Subject: Re: Page alloc problems with 2.6.32-rc kernels

On 27 Oct 09 11:38, Frans Pop wrote:
> Michael Guntsche wrote:
> > I noticed that I get page alloc errors on one of my machines.
> > It is an old server I use as a fileserver with 512MB RAM. Before
> > 2.6.3[12] I did not see this problem at all.
> This is a known issue that's being heavily investigated, but is proving
> very elusive. See http://lkml.org/lkml/2009/10/22/128 for an overview.
>
> Can you easily reproduce the problem, or does it happen at random moments?
> If you can reproduce it, it would be great if you could test the patches
> mentioned in that mail.
Hello Frans,

Thanks for the info. I will try to reproduce it with those patches
applied. But it happens randomly I had no problems for several days now
just saw it again yesterday. Nevertheless I see if those patches help
and will report back.

Michael

2009-10-27 14:00:22

by Mel Gorman

[permalink] [raw]

Subject: Re: Page alloc problems with 2.6.32-rc kernels

On Tue, Oct 27, 2009 at 11:38:00AM +0100, Frans Pop wrote:
> Michael Guntsche wrote:
> > I noticed that I get page alloc errors on one of my machines.
> > It is an old server I use as a fileserver with 512MB RAM. Before
> > 2.6.3[12] I did not see this problem at all.
> > This only seems to happens when I use mutt on this machine.
> > I know that it means I am running out of memory here, but I am wondering
> > why I did not see this before....
> >
> > mutt: page allocation failure. order:1, mode:0x20
> > Pid: 21746, comm: mutt Not tainted 2.6.32-rc5 #2
>
> This is a known issue that's being heavily investigated, but is proving
> very elusive. See http://lkml.org/lkml/2009/10/22/128 for an overview.
>
> Can you easily reproduce the problem, or does it happen at random moments?
> If you can reproduce it, it would be great if you could test the patches
> mentioned in that mail.
>

Specifically, this looks very like the bug

"page allocation failure message kernel 2.6.31.4 (tty-related)"

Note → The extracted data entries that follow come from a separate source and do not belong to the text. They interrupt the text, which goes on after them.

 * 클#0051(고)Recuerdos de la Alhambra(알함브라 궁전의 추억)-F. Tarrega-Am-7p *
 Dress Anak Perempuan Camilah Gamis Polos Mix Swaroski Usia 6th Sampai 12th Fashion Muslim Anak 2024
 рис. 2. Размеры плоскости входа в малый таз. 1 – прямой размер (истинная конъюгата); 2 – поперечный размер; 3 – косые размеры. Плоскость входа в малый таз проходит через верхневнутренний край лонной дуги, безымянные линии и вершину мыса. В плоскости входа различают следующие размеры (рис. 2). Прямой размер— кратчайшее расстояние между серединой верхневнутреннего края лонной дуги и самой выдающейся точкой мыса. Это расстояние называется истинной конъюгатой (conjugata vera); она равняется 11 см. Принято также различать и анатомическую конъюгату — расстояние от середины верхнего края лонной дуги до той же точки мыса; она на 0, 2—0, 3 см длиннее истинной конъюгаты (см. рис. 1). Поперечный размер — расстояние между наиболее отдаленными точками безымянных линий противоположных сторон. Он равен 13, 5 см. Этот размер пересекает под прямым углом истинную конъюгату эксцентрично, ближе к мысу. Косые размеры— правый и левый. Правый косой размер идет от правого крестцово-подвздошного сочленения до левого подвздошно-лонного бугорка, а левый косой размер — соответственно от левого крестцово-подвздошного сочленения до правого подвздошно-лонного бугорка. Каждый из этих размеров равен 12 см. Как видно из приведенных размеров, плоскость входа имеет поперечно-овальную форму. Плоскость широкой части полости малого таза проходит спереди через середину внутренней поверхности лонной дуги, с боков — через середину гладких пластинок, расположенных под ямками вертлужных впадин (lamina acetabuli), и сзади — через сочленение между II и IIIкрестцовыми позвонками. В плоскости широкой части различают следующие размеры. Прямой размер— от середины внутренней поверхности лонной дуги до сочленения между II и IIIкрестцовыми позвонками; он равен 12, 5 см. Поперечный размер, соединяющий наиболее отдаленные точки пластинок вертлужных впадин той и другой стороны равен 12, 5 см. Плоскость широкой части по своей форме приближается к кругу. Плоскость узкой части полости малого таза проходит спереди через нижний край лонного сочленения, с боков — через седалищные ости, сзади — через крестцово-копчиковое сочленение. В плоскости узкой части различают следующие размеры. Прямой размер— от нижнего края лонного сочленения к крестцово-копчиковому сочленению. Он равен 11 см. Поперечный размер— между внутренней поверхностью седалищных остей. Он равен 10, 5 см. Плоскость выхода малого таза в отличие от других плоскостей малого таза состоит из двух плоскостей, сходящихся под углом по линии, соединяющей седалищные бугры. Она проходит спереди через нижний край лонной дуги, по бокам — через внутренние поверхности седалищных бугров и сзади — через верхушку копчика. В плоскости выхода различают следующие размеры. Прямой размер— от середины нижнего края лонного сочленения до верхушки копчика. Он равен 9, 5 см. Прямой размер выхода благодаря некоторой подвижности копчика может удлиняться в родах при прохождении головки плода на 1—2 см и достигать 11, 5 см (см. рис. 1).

The first three patches on the thread Frans Pop are expected to close
that one out. Michael, I'm hoping they'll help you too. Whether they
help or not, let me know please.

Thanks

--
Mel Gorman
Part-time Phd Student Linux Technology Center
University of Limerick IBM Dublin Software Lab

2009-10-29 08:48:29

by Michael Guntsche

[permalink] [raw]

Subject: Re: Page alloc problems with 2.6.32-rc kernels

On 27 Oct 09 14:00, Mel Gorman wrote:
> Specifically, this looks very like the bug
>
> "page allocation failure message kernel 2.6.31.4 (tty-related)"
>
> The first three patches on the thread Frans Pop are expected to close
> that one out. Michael, I'm hoping they'll help you too. Whether they
> help or not, let me know please.

Just a quick update on that one. I applied the first three patches and
so far the problem did not reappear. But as I said before there is no
easy way for me to reproduce so I will continue testing.

Kind regards,
Michael

2009-10-29 10:05:56

by Michael Guntsche

[permalink] [raw]

Subject: Re: Page alloc problems with 2.6.32-rc kernels

On 27 Oct 09 14:00, Mel Gorman wrote:
> The first three patches on the thread Frans Pop are expected to close
> that one out. Michael, I'm hoping they'll help you too. Whether they
> help or not, let me know please.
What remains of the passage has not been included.